Lee County High School is a public school located in Leesburg, Georgia, United States. The mascot is the Trojan and the school colors are red and black.

LCHS has achieved Adequate Yearly Progress for seven years in a row and is part of the Lee County School District, which is one of only a few school systems in the state of Georgia to earn AYP for six years in a row.

Kevin Dowling served as the principal of the school from June 2006 to Fall 2016.

Karen Hancock took over from Kevin Dowling as principal in the fall of 2016.

In 2008 the Lee County High School 9th Grade Campus was opened, which freshmen attend for one year before transitioning to the upper campus.

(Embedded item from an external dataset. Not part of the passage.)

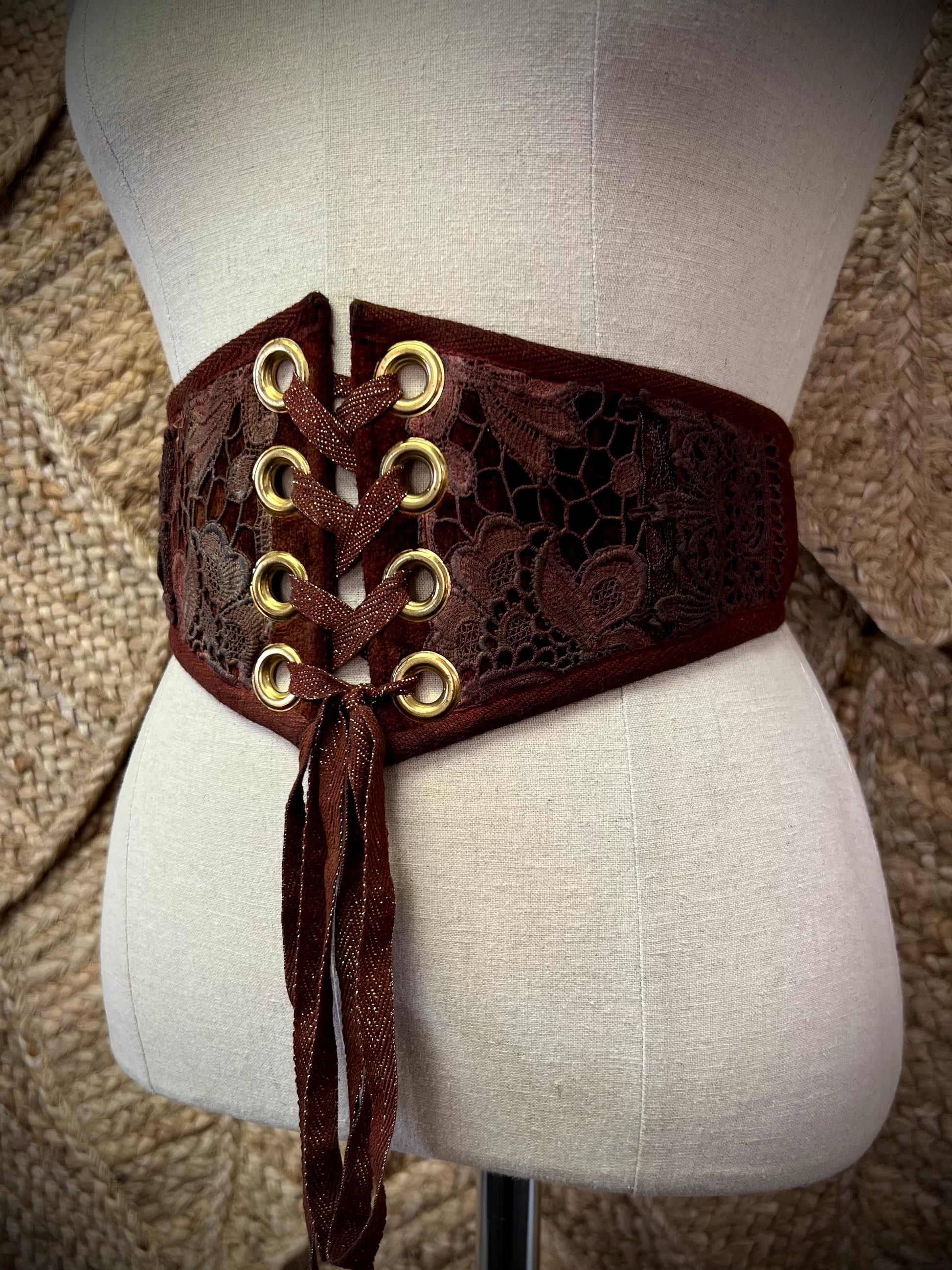 Hand Dyed Bamboo Velour Corset Belt with vintage doilie details. Features industrial eyelets, cotton cord tie & internal boning.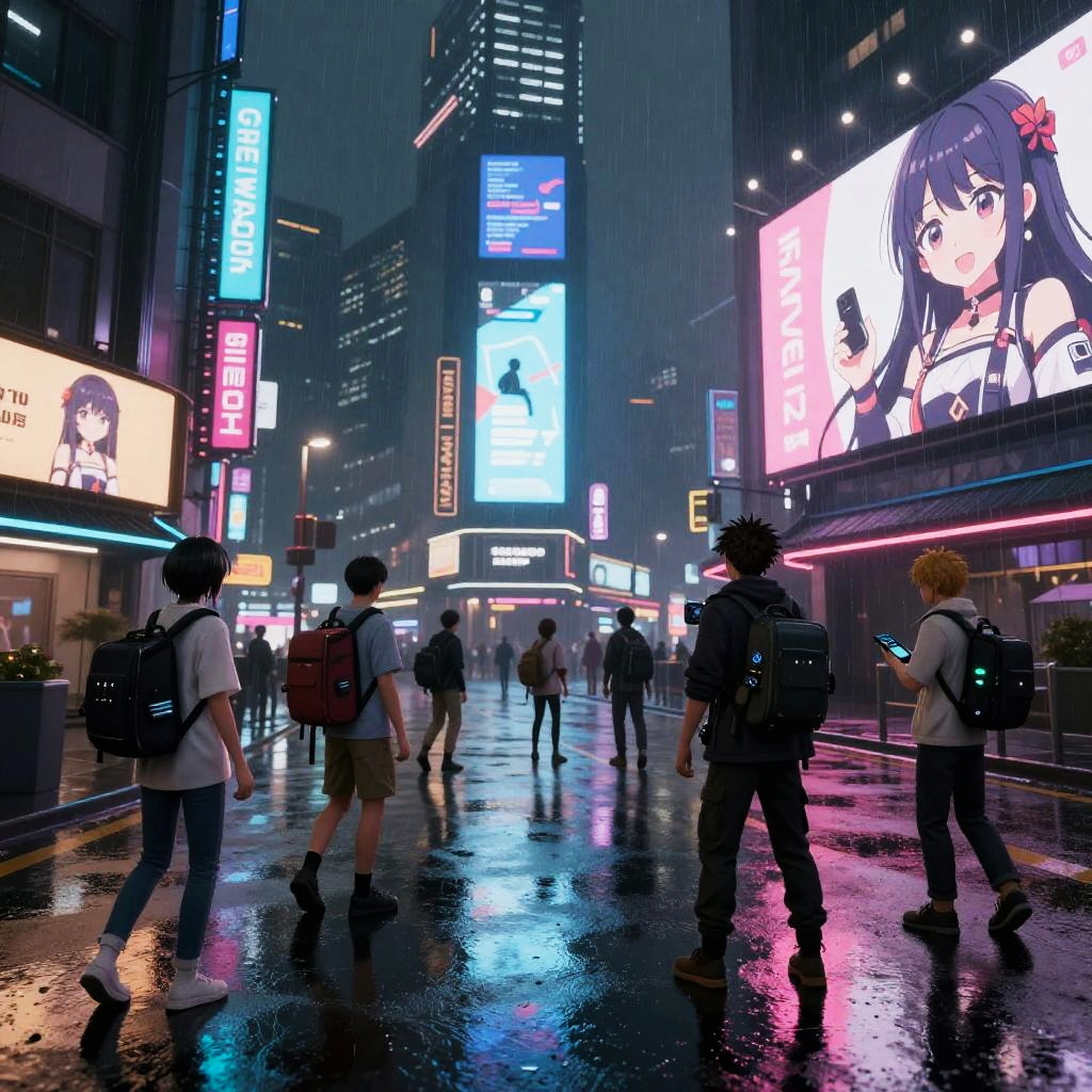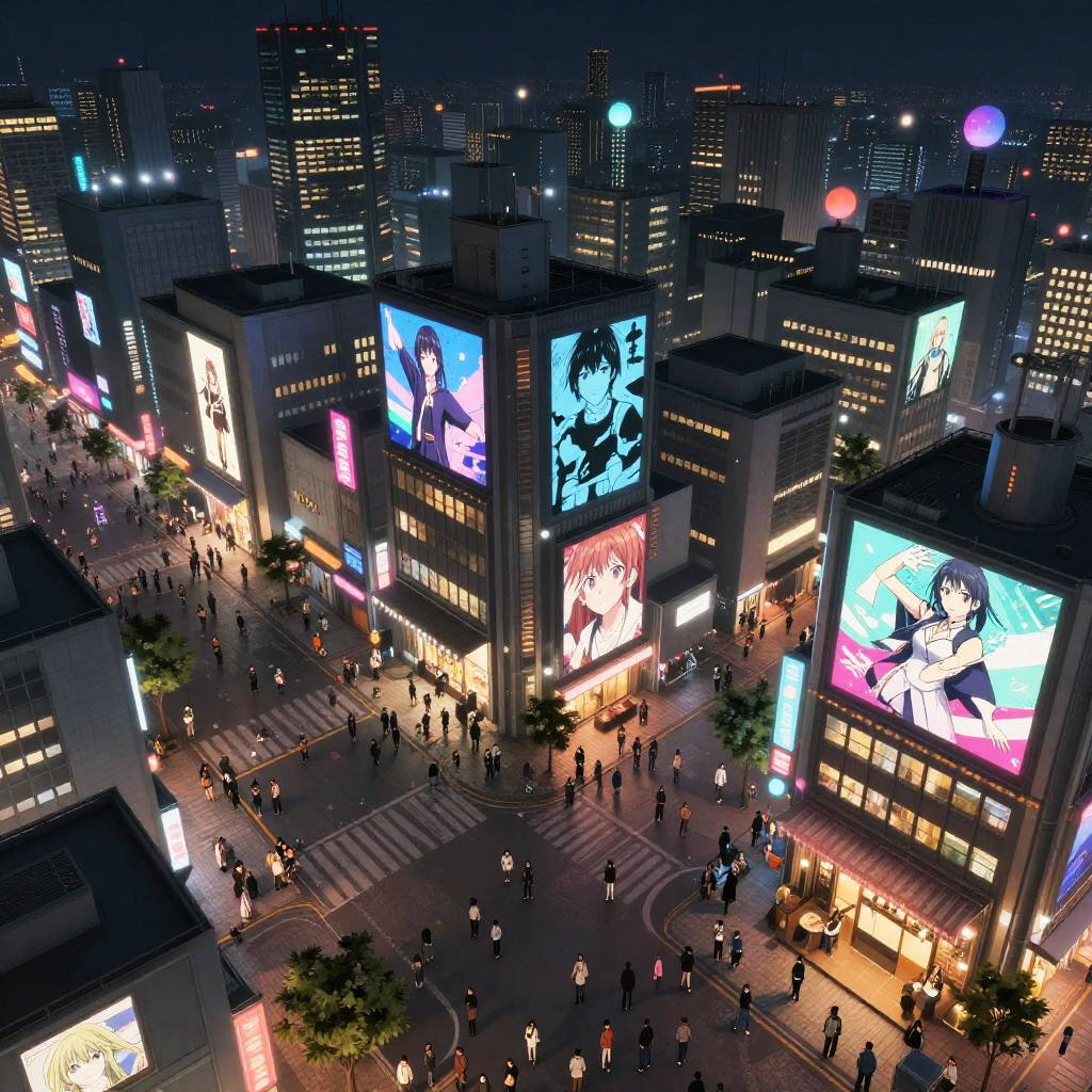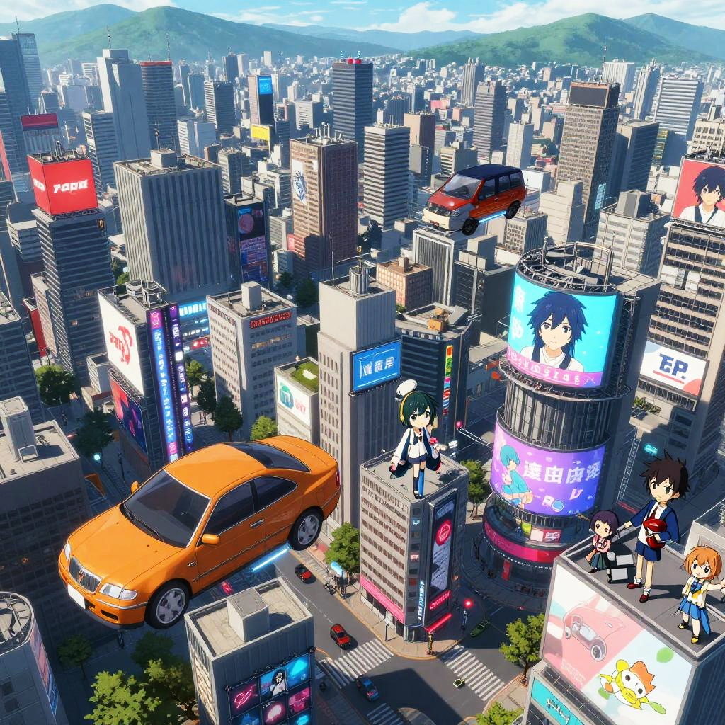 Anime city online featuring a sprawling metropolis with flying cars, glowing billboards, diverse anime-styled citizens, blending traditional Japanese elements with advanced technology

The principal of the LCHS 9th Grade Campus is Ginger Lawrence.

Academics
The school offers a wide variety of classes and career pathway opportunities. In addition to its academic commitment, the school has been recognized for its outstanding leaders. Principal Kevin Dowling was named the 2012 Georgia Principal of the Year. In 2010, LCHS was listed by Newsweek as one of "America's Best High Schools".

AP and Honors courses
The school offers several Advanced Placement and Honors classes. While the AP classes change year by year, the school typically offers AP Calculus AB, AP English Language and Composition, AP English Literature and Composition, AP Music Theory, AP Physics B, AP Psychology, AP Statistics, AP US History, and AP World History. The school also offers AP Human Geography at the 9th Grade Campus.

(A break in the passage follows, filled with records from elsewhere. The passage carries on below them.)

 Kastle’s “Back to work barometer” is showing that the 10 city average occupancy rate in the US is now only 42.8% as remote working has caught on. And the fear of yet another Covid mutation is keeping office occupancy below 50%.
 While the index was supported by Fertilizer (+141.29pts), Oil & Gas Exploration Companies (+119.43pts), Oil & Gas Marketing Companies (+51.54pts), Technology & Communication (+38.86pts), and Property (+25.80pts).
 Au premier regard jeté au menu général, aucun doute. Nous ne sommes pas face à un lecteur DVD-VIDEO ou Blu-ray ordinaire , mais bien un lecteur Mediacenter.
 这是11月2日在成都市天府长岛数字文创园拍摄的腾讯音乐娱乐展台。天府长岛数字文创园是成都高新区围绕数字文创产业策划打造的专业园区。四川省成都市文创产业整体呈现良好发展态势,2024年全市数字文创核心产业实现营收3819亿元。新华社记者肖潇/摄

Extracurricular activities
Students can spend their out-of-class time in the following extracurricular activities.

Athletics 

Football
Boys'/girls' soccer 
Boys'/girls' cross country
Boys'/girls' track
Boys'/girls' basketball
Boys'/girls' tennis
Boys'/girls' golf
Baseball
Softball
Swim team
Wrestling
Girls' volleyball
Cheerleading (competition, football, and basketball)
Marching band color guard
Marching band drumline
NJROTC color guard
NJROTC Drill team
NJROTC Rifle team
NJROTC Orentering team

Fine arts
Theatre arts: The school competes in the annual One Act Play competition. The drama department produces five plays each year, including musicals. Most of the plays are performed in the school's Robert A. Clay Auditorium.

Band: The Lee County High School Band Program includes a marching band, two concert bands, and a jazz ensemble.

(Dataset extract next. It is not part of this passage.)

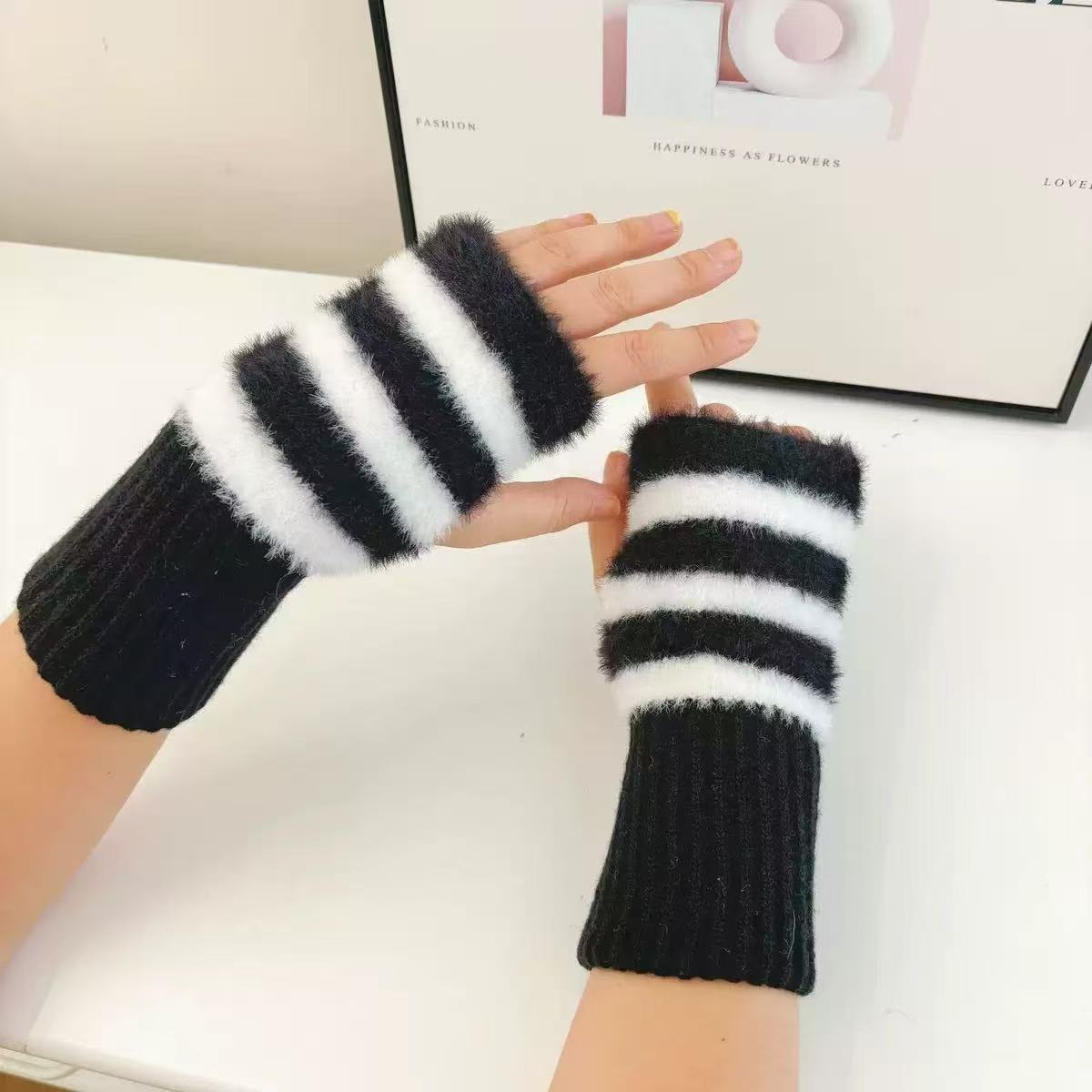 여성을 위한 인터넷 연예인 스타일 니트 핑거리스 장갑, 다용도 반반지 따뜻한 가을 겨울 핸드 양말, 학생용 단색 플러시 장갑스토어 가기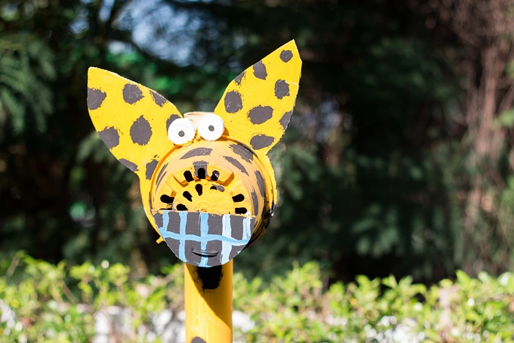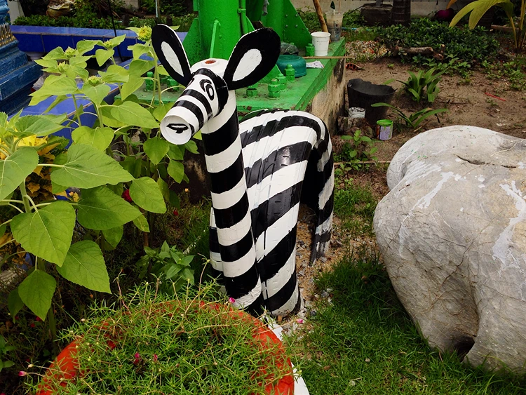 Dieses Upcycling-Zebra wirkt charmant und kreativ – sein Körper besteht aus einem weiß gestrichenen Autoreifen mit schwarzen Streifen. Aus dem Reifen ragt ein senkrechtes Rohr als Hals empor, ebenfalls weiß-schwarz gestreift. Oben sitzt ein aufgeklebter Becher als Kopf, liebevoll bemalt, mit Augen und einem fröhlichen Grinsen. Zwei aufgesetzte Ohren aus Stoff oder Draht machen die Figur komplett.

Publications and broadcasting
The school newspaper is The Panoptic. The Trojan Yearbook is published every year.

Speech and debate
The school has a highly successful speech and debate program that competes in competitions across Georgia and the nation. The team has advanced competitors to the National Forensic League Speech and Debate Tournament every year since 2008 and the National Catholic Forensic League Grand National Tournament every year since 2009. At the 2013 Georgia Forensic Coaches Association (GFCA) Varsity State Championship, the team won the President's Cup, an award given to the school with the most cumulative rounds in the state tournament, as well as the third place overall sweepstakes award. The team has seen its competitors advance to octofinal, quarterfinal, semifinal, and even final rounds at Wake Forest University, University of Florida, Emory University, Duke University, the Tournament of Champions, the Grand National Tournament and the National Speech and Debate Tournament. The school is chartered with the National Forensic League, the National Catholic Forensic League and the GFCA.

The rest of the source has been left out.